Early February, groundhog and weather forecaster Punxsutawney Phil predicted six more weeks of winter.  Given the weather we’ve seen since then, it seems to me that, this year, he was right.

A recent Politico story entitled “Icy blast heats up coal debate” quotes Ms. Laura Sheehan, senior vice president of communications for the American Coalition for Clean Coal Electricity, as having said, “This year’s historically cold winter has served as a crystal ball into our future, revealing the energy cost and electric reliability threats posed by the Obama Administration’s overreliance on a more narrow fuel source portfolio that excludes the use of coal.”

Like many other industries, the coal industry has experienced natural ups and downs throughout the years.  But market forces are not the only issue here.  Instead, I believe government bureaucrats have decided the coal industry isn’t something that they like, so they’re going to try to regulate it out of business.  This cripples coal communities like many of those in the Ninth District.

As we all know, when the work stops below the ground in communities like these, life above ground is impacted as well.  Many businesses suffer when they are no longer able to sell supplies to the coal mines, and others when coal miners don’t have money to spend in their communities.

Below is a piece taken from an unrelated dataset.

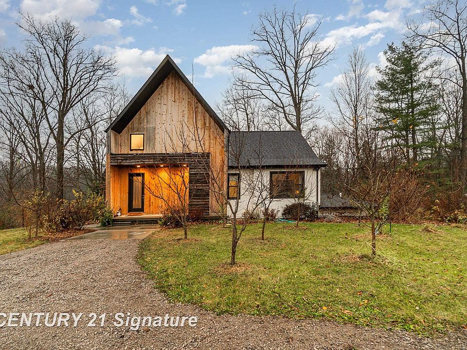 A Scandinavian inspired Custom-Built Home by Geiersbach This stunning home offers three, potentially four bedrooms, and boasts a host of high-end features. The entry-level showcases, high-end engineered wood floors and a spacious primary bedroom with an ensuite, including a luxurious tiled walk-in shower. Two additional generously sized bedrooms are also located on the main level. A sleek, modern staircase leads to the lower level, where you'll find an open floor plan designed for entertaining. Heated engineered wood floors. The living area and kitchen offer breathtaking views of the Tobacco River, complemented by professional-grade appliances and a home theater with built-in speakers. A tiled half-bath completes the space. Step outside onto the covered concrete patio, complete with an outdoor kitchen fully equipped with cooking appliances. This home features two gas fireplaces, a stackable laundry unit on the entry level, and a versatile loft space that can serve as an office or bonus room. A gravel road provides convenient access for kayak enthusiasts to the river. For additional space, the property includes a 4-car garage, perfect for vehicles and boat storage. There is also a separate 800-square-foot finished studio apartment with a living room, kitchen and bathroom, —ideal for hosting guests. The property is a dream for a nature lover, featuring a chicken coop, a 35-tree fruit orchard, and plantings of blackberries, blueberries, raspberries, strawberries, asparagus, and grapes. Relax by the river with your very own beach area. This extraordinary property offers a unique blend of luxury, functionality, and outdoor living.

There is also the impact of the reduction and/or closure of plants that produce our electricity.  In Russell County, for example, Appalachian Power is converting two of the three generating units of the Clinch River Plant from coal-fired to natural gas-fired, and is shutting down the third unit.  Appalachian’s President and Chief Operating Officer Charles Patton said in a news release that this is because “…they are not equipped to meet recently approved and anticipated environmental requirements...”  And American Electric Power’s plant in Giles County’s Glen Lyn is scheduled to shut down by the end of this year because of new regulations.  "If the town lost all of that revenue," Glen Lyn Town Manager Howard Spencer told the Associated Press in 2011, "we would struggle to even continue to be incorporated."

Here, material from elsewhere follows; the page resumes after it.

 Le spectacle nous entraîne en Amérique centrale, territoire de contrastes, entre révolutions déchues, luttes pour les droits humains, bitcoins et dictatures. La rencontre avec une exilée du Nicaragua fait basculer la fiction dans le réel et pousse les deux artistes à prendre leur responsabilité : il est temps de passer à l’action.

Further, Politico reports that during the recent cold spell, “Wholesale electricity prices have spiked in regions such as New England, natural gas costs have surged with demand in Boston and Chicago, and power companies in Texas and Eastern states have had to urge residents to cut back.  Some utilities have even been shifting, yes, back to coal.”

But the ability to shift back to coal won’t be as easy with all of the regulations that begin in 2015 and beyond.  As Politico noted, “…many of the older coal-fired power plants that have helped fill the gap this winter are due to shut down next year because of the Obama Administration’s environmental rules.”

In that same Politico story, Senator Lisa Murkowski (R-Alaska) is quoted as asking, “Maybe we won’t have cold periods like we’re seeing next year [and] we’ll be OK.  But what kind of a policy is that?  A hope and a prayer?”

I will continue fighting for real, reliable all-of-the-above energy policy, not a “hope and a prayer.”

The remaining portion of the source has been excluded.